The basis for such access rests not on CPR 5.4C but on the inherent jurisdiction of the Court and the principle of open justice. In drawing the distinction, the Court focused on the fact that the outcome of an application under CPR 5.4C is subject to the records held by the Court at a particular time and for particular purposes, which may themselves be subject to how the justice system is run at any one time. Those reasons are not the same as the principles which should be applied in determining whether access should be given (see para. 24 of Lady Hale’s lead judgment).
The Supreme Court held that it was not correct to focus on the limits of the Court’s jurisdiction; indeed, as Lady Hale noted at para. 34: “...case after case has recognised that the guiding principle is the need for justice to be done in the open and that courts at all levels have an inherent jurisdiction to allow access in accordance with that principle.” The principal purposes of the open justice principle are:
- To enable public scrutiny of the way in which courts decide cases.
- To enable the public to understand how the justice system works and why decisions are taken.
Once the pre-eminence of the principle is recognised, the question is then how it should be exercised.
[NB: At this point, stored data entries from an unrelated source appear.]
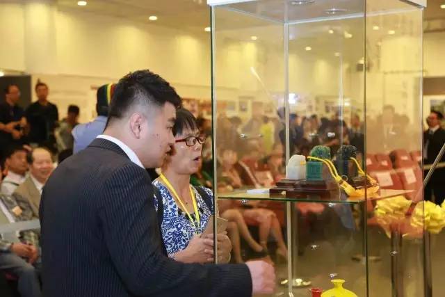 纪念香港回归20周年玉石、瓷器精品《普天同庆·九州方圆宝玺》(上)与《璀璨东方对瓶》(下)深受观众欢迎。
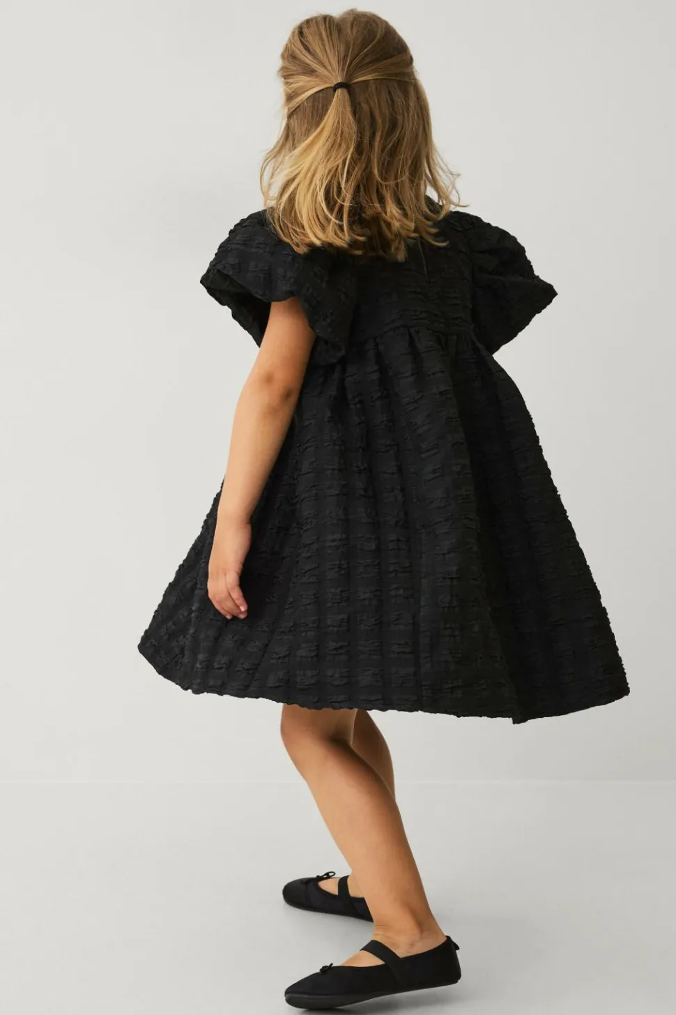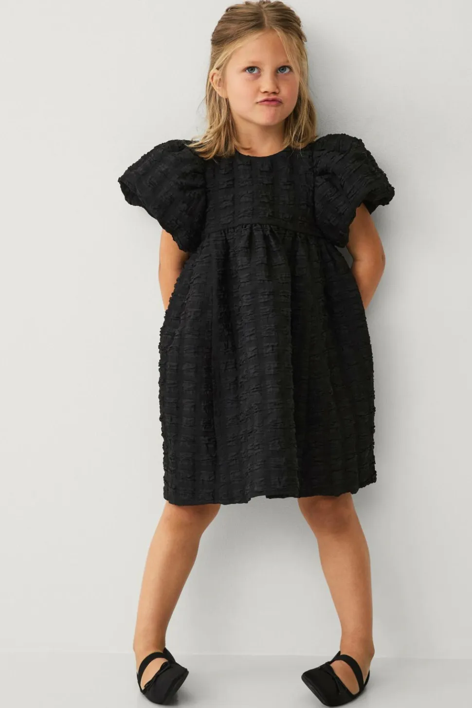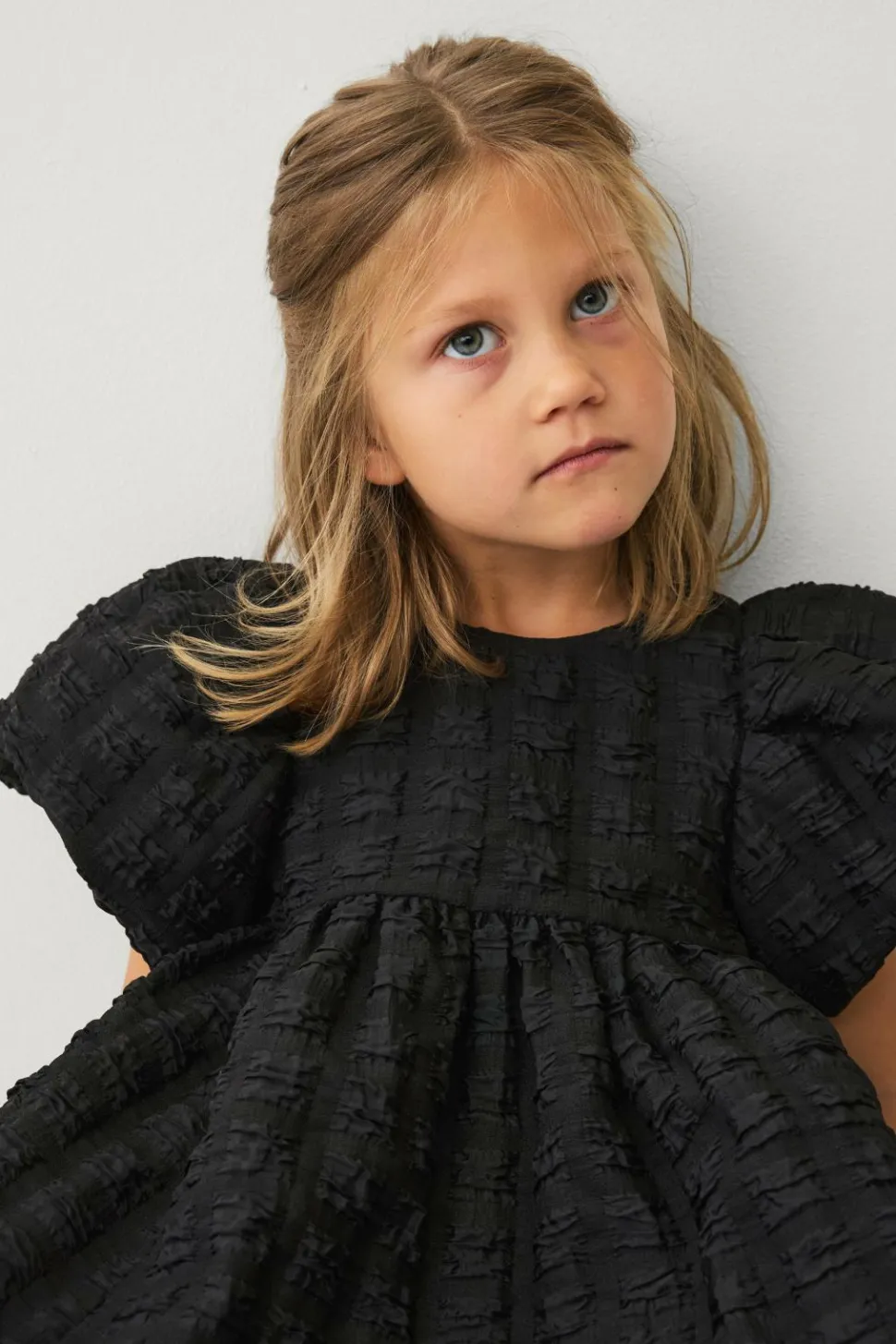 • Kjole i elastisk polyestermix med vævet, ternet strukturmønster
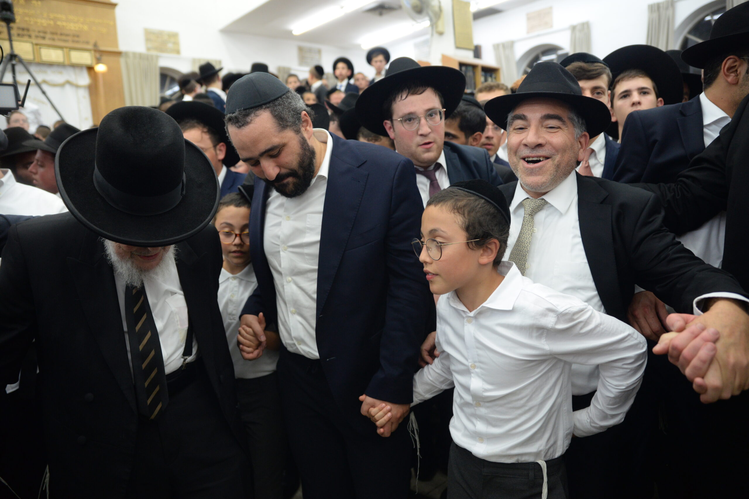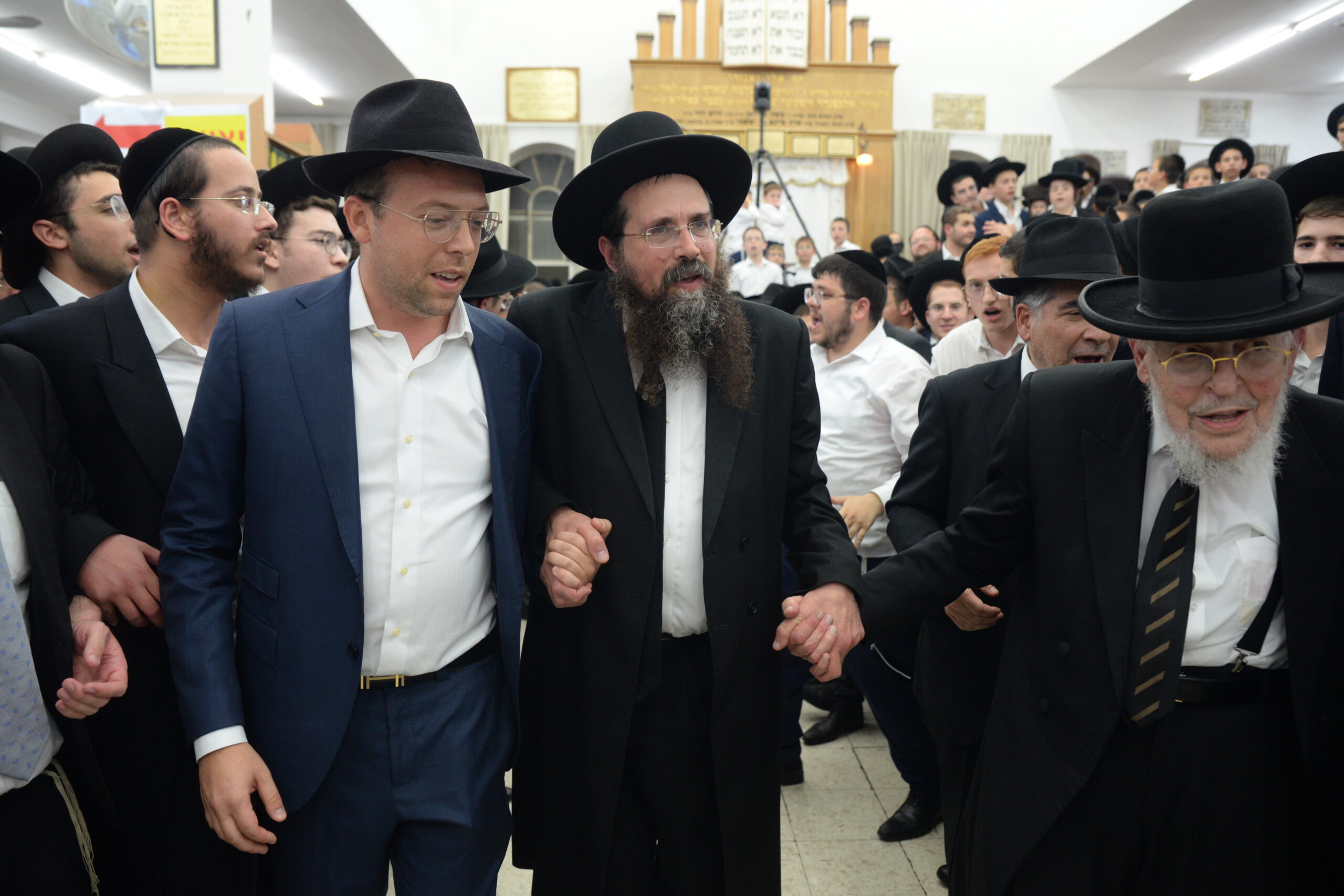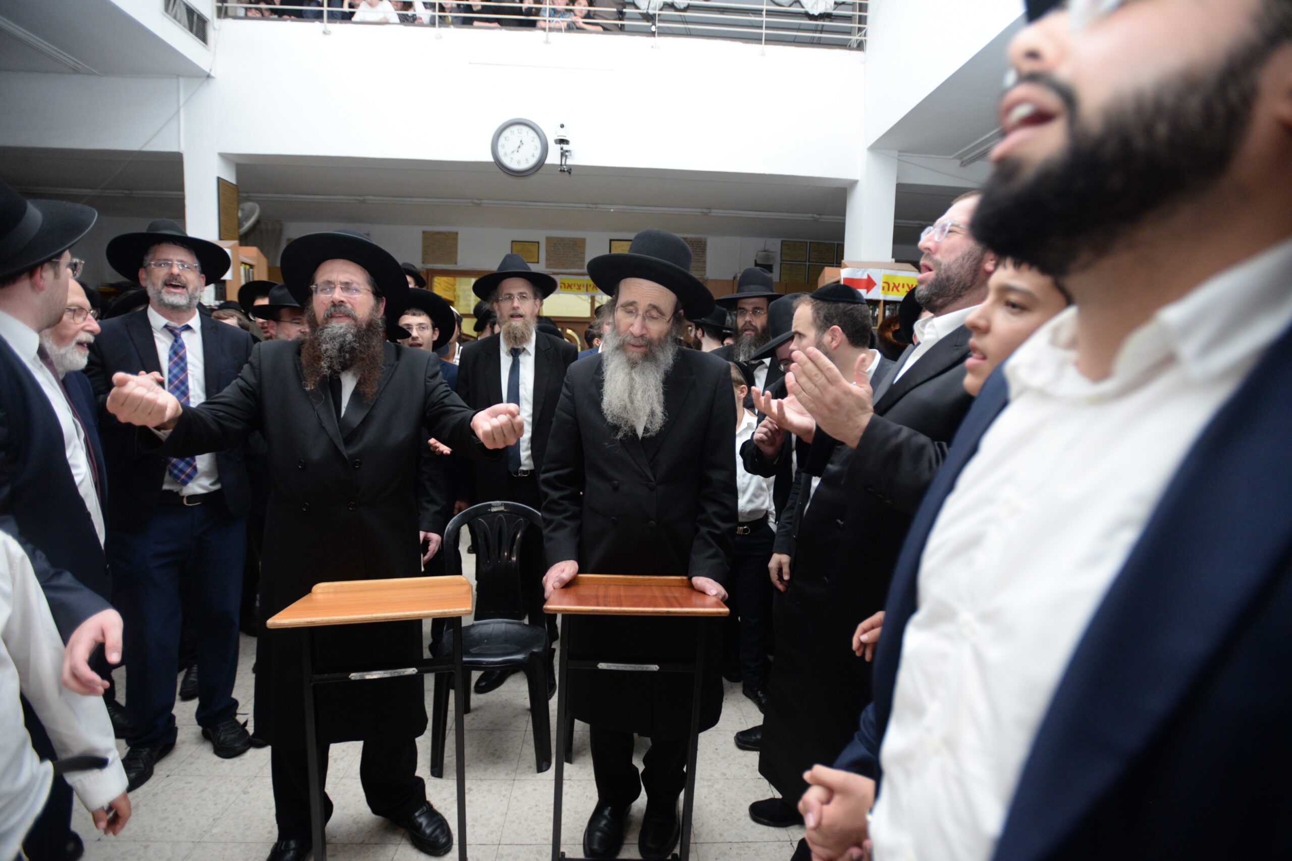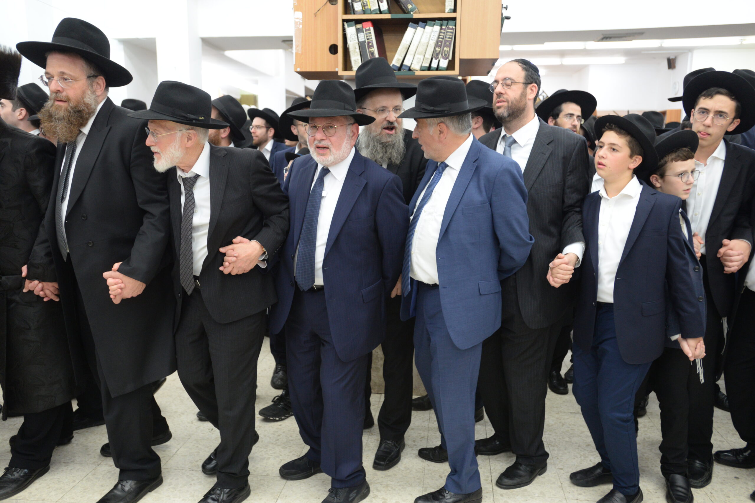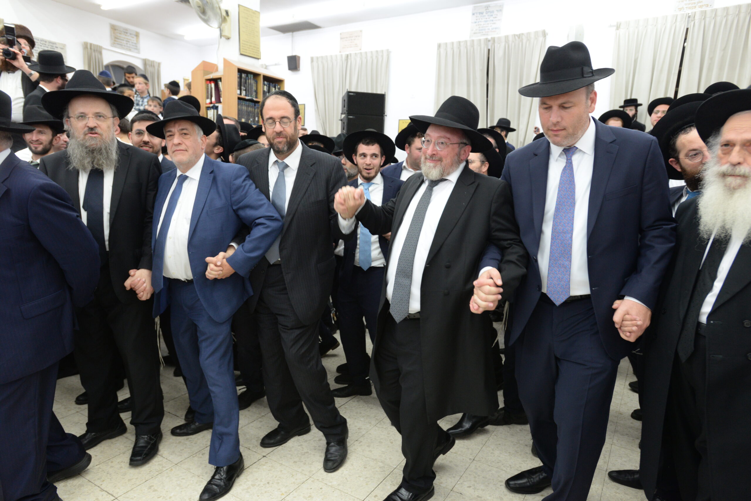 The Yeshiva’s Simchas Beis Hashoeva was held on Thursday, the second night of Chol Hamoed, beginning with music and dancing in the Mercazi Bais Medrash at 9:20. When the Roshei Yeshiva walked in about twenty minutes later, the olam broke out in tremendous excitement as they danced with their Rabbeim for several hours. Many visiting guests joined as well, taking the opportunity to wish the Roshei Yeshiva a Gut Yom Tov. All in all, there were around 9,000 people coming by throughout the night. The highlight of the event, as usual, was the kumzitz with inspiring songs of Yamim Noraim and Geulah at the end of the night, culminating in Leshana Haba’ah Bi’Yerushalayim.

As noted above, the existence of the power on the part of the Court for access to be granted does not automatically confer on an applicant the right to receive the documentation sought. An applicant must explain their basis for seeking access, including how granting access would advance the open justice principle. It was then for the Court to carry out a fact-specific balancing exercise, taking account of the harm disclosure could cause to the maintenance of an effective judicial process or the legitimate interests of others in, for example, confidentiality being preserved. The practicalities and proportionality of granting the request would also be relevant with the non-party seeking access being expected to meet the reasonable costs of access being granted (see para.47). Notably, where trial bundles had been annotated, such copies would only be provided with the consent of the person holding them. A clean copy of a bundle, if still available, may be the “most practicable” way of allowing a non-party access.
Also of interest are the closing remarks (postscript, para. 51) in which the Supreme Court urged bodies responsible for framing court rules to ‘give consideration to the questions of principle and practice’ of the case and to commence a wider consultation on how to apply rules in future. They commented in particular on the fact that the issues in this particular case arose in unusual circumstances after the end of trial but where clean copies were available. They had not heard any argument on the extent of any continuing obligation of the parties to cooperate with the court in furthering the principle of open justice once proceedings had been concluded and that, and other practical issues, should more suitably be resolved through consultation.